Наряду со сдвигами в глобальном управлении – переходом от G7 к G20, происходит процесс децентрализации финансовых и торговых институтов, а также подрыв общих правил игры. В частности, режим свободной торговли, определяемый Всемирной торговой организацией, начинает меняться с развитием региональных и субрегиональных соглашений, таких как Транстихоокеанское партнерство (ТТП) и Региональное всестороннее экономическое партнерство (Regional Comprehensive Economic Partnership, RCEP). Число действующих региональных торговых соглашений выросло с 50 в 1995 г. до 280 в настоящее время.
В финансовой сфере появилось несколько новых влиятельных институтов с доминированием Китая и некоторых других развивающихся стран. Это, например, Азиатский банк инфраструктурных инвестиций (AIIB) и Национальный банк развития (NDB), каждый с уставным капиталом в 100 млрд долл. AIIB планирует ежегодно инвестировать порядка 10 ‒ 15 млрд долл., что сопоставимо с деятельностью таких институтов, как Азиатский банк развития, Всемирный банк и Международный валютный фонд.
Более того, повышается влияние отдельных стран и правительств на движение финансовых потоков и правил конкуренции в результате прямой покупки частных компаний, инвестиций в суверенные фонды, а также предоставления субсидий и займов в целях развития приоритетных национальных отраслей. Совокупная стоимость суверенных фондов с 2008 г. увеличилась (несмотря на падение нефтяных цен) с 3 трлн до 7,2 трлн долл., а доля государственных предприятий (в которых государство является мажоритарным акционером) в списке Fortune 500 выросла с 9% в 2005 г. до 23% в 2014 г. [Кондратьев, 2014] Таким образом, государственный капитал постепенно приобретает не меньшее значение, чем частный.
Последние 200 лет под глобализацией, или глобальной интеграцией, на Западе понималась растущая интеграция между ведущими западными странами и остальным миром с помощью потоков денег, товаров, услуг и рабочей силы. Двойное действие цифровизации и децентрализации ломает эту модель. Модель одного экономического полюса, доминирующей технологии и одной системы управления заменяется многополярным диверсифицированным миром. Компании вынуждены иметь дело с множеством экономик, организаций управления, правил и технологий.

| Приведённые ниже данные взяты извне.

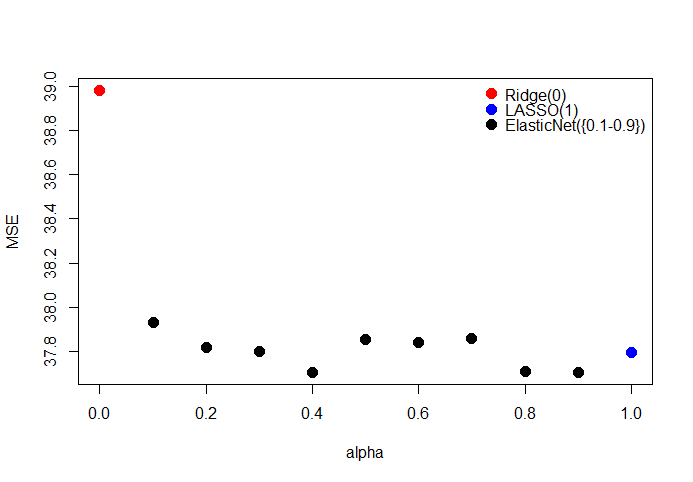 legend('topright',c('Ridge(0)','LASSO(1)','ElasticNet({0.1-0.9})'),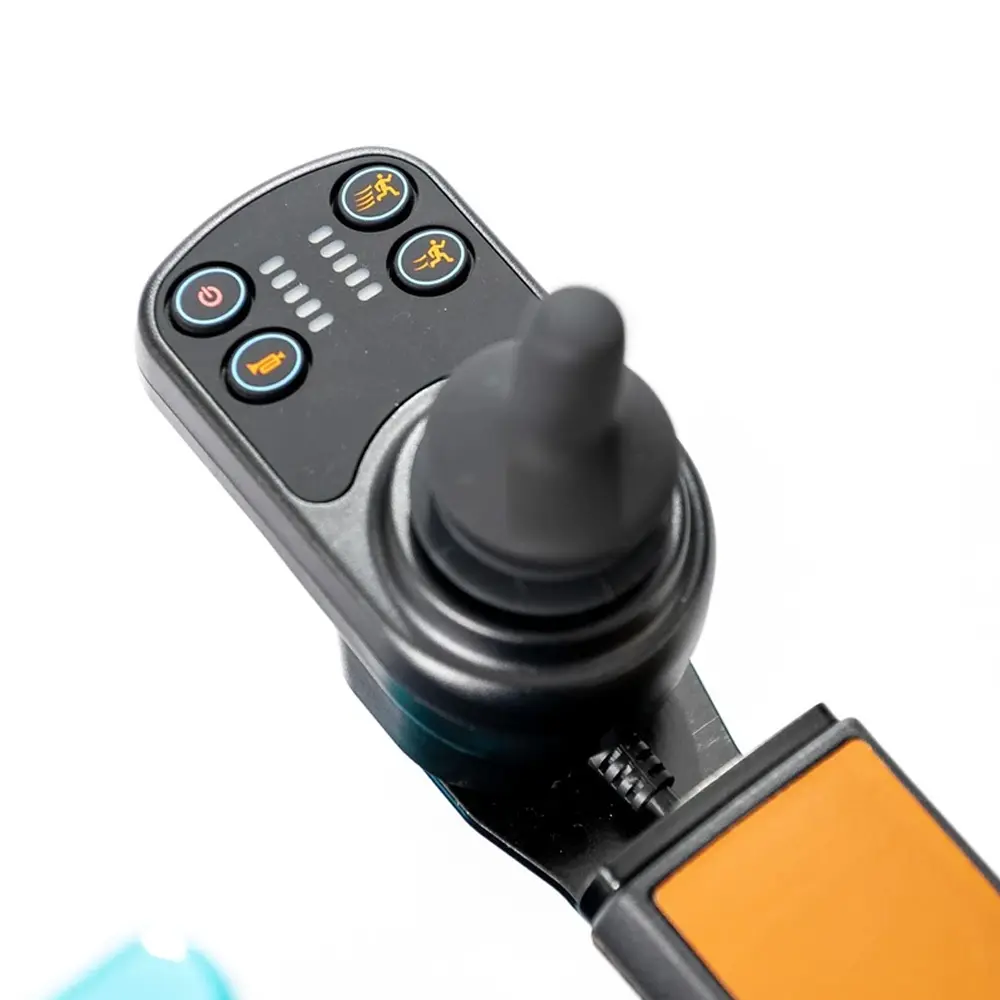O controle remoto permite que acompanhantes conduzam a cadeira à distância, ideal para manobras em espaços apertados ou quando o usuário não está com o joystick em mãos.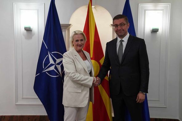Премиерот Христијан Мицкоски денеска оствари средба со Амбасадорката на САД, Ангела Агелер.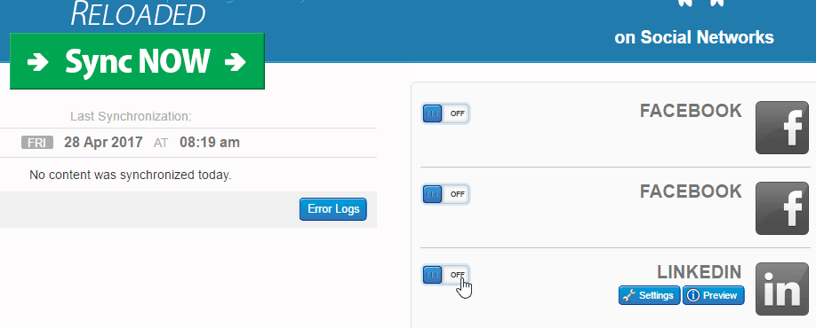 Nous avons créé une application LinkedIn dédiée pour vous aider à publier facilement sur les réseaux sociaux. Dans Social Backlinks cliquez sur le bouton LinkedIn Off/On.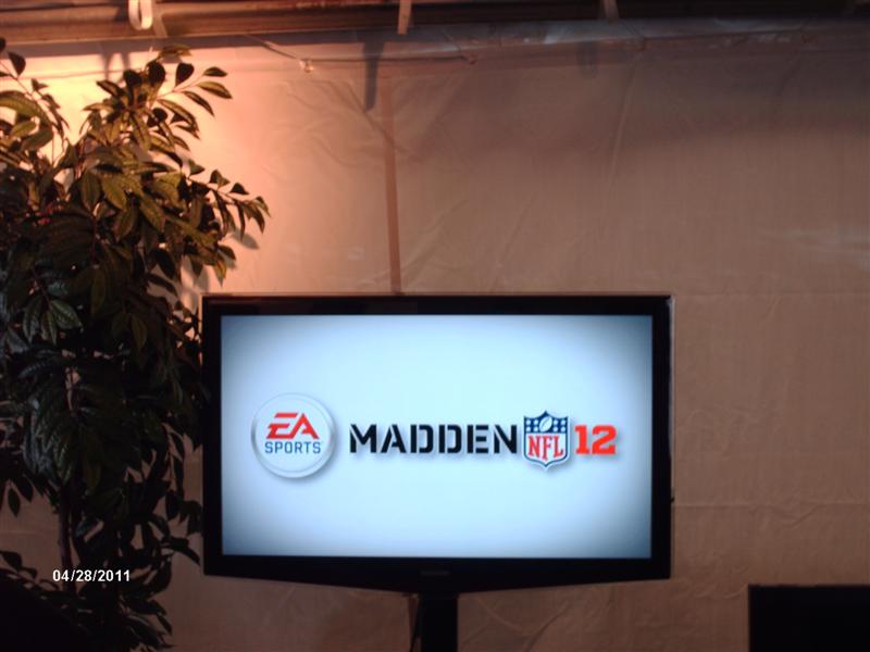 EA kicked off NFL Draft Week here in NYC in a big way with a unique event that brought newly crowned Madden NFL 12 cover athlete (and Cleveland Browns running back) Peyton Hillis to town for a unique LIVE cover shoot for the upcoming release. Hillis beat out (er, no pun intended) Michael Vick (who was the cover star on Madden 04). Despite a brief rainstorm about an hour or so in, the spirits of the enthusiastic crowd that gathered certainly wasn't dampened in the slightest.

В этой новой модели экономический рост будет в меньшей степени определяться глобальной торговлей. Рост развивающихся стран будет больше зависеть от структурных реформ, направленных на стимулирование внутреннего спроса (а не экспорта) и расширение индустриальной базы (особенно для стран-производителей товаров). Это уже происходит в Индии, где наблюдаются высокие темпы экономического роста, несмотря на падение экспорта. В развитых странах и Китае рост будет связан с повышением производительности за счет новых технологий и инноваций.

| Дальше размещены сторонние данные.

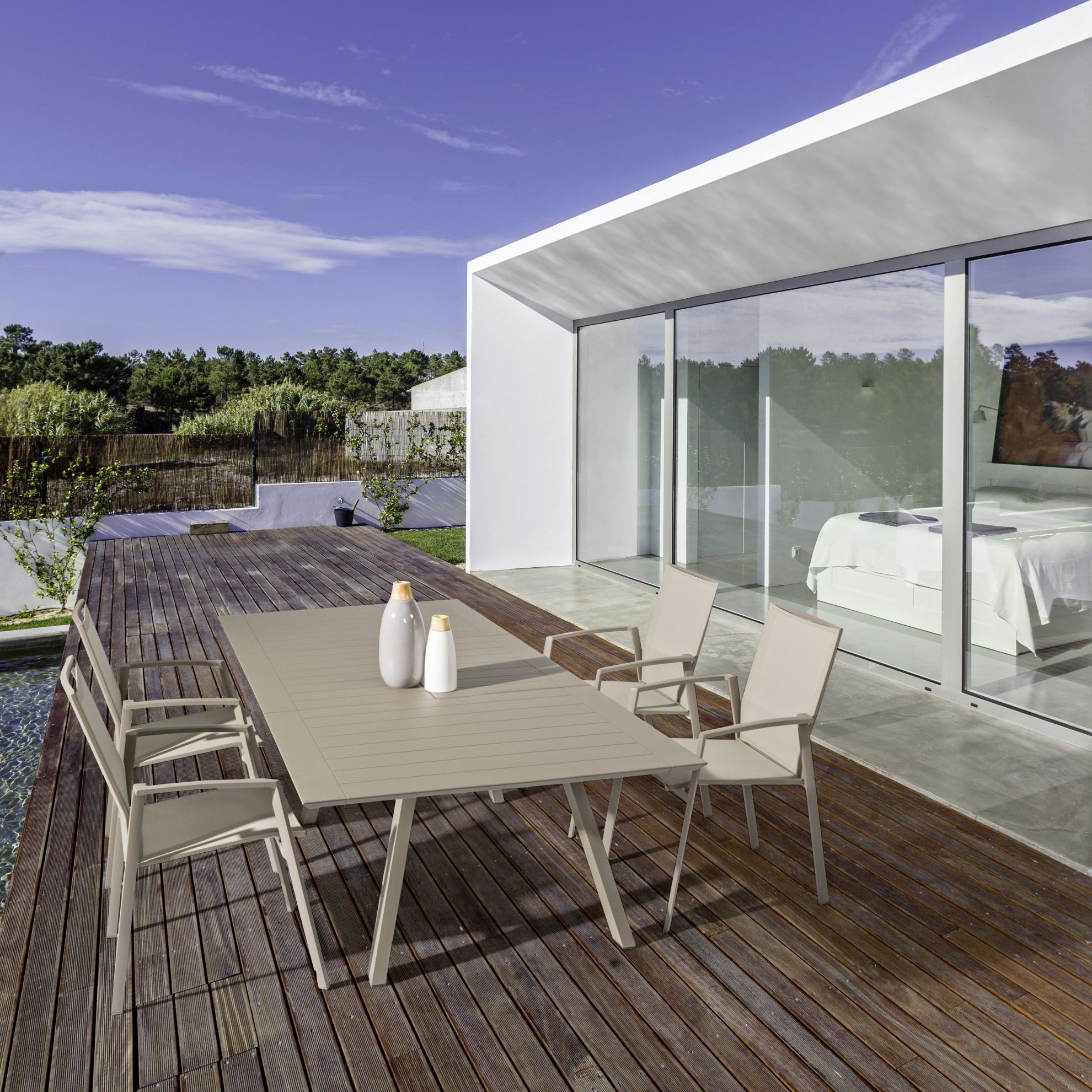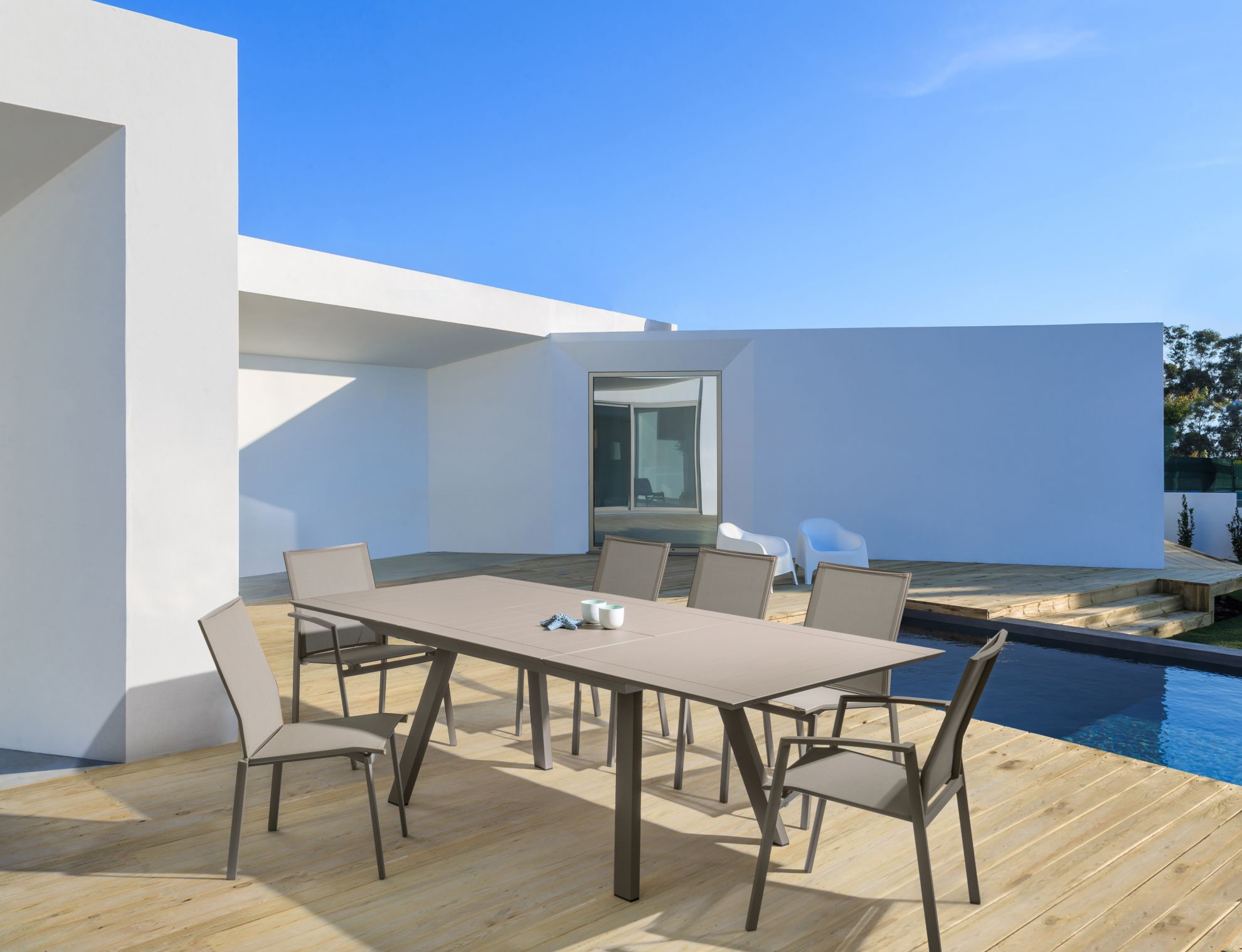 Klayton este o masa extensibila pentru exterior confectionata din aluminiu vopsit electrostatic.

Оптимизированные глобальные стоимостные цепочки (характерная черта третьей стадии глобализации) будут уступать место стоимостным цепочкам, сочетающим цифровые технологии с более старыми низкозатратными технологиями, что позволит более полно интегрировать товары и услуги и стимулировать рост независимых глобальных платформ в обмен на товары и услуги.
Наконец ‒ и это, возможно, самое главное, ‒ возникновение децентрализованной системы управления приведет к установлению новых, более сложных и изменчивых правил, локальных и региональных, которые потребуют нового баланса между национальными политическими интересами и глобальной экономической логикой. Эти правила будут в значительной степени определяться новыми институтами, такими как Азиатский банк инфраструктурных инвестиций и Новый банк развития БРИКС, решения которых будут направляться интересами отдельных стран и регионов, а не глобальными соображениями.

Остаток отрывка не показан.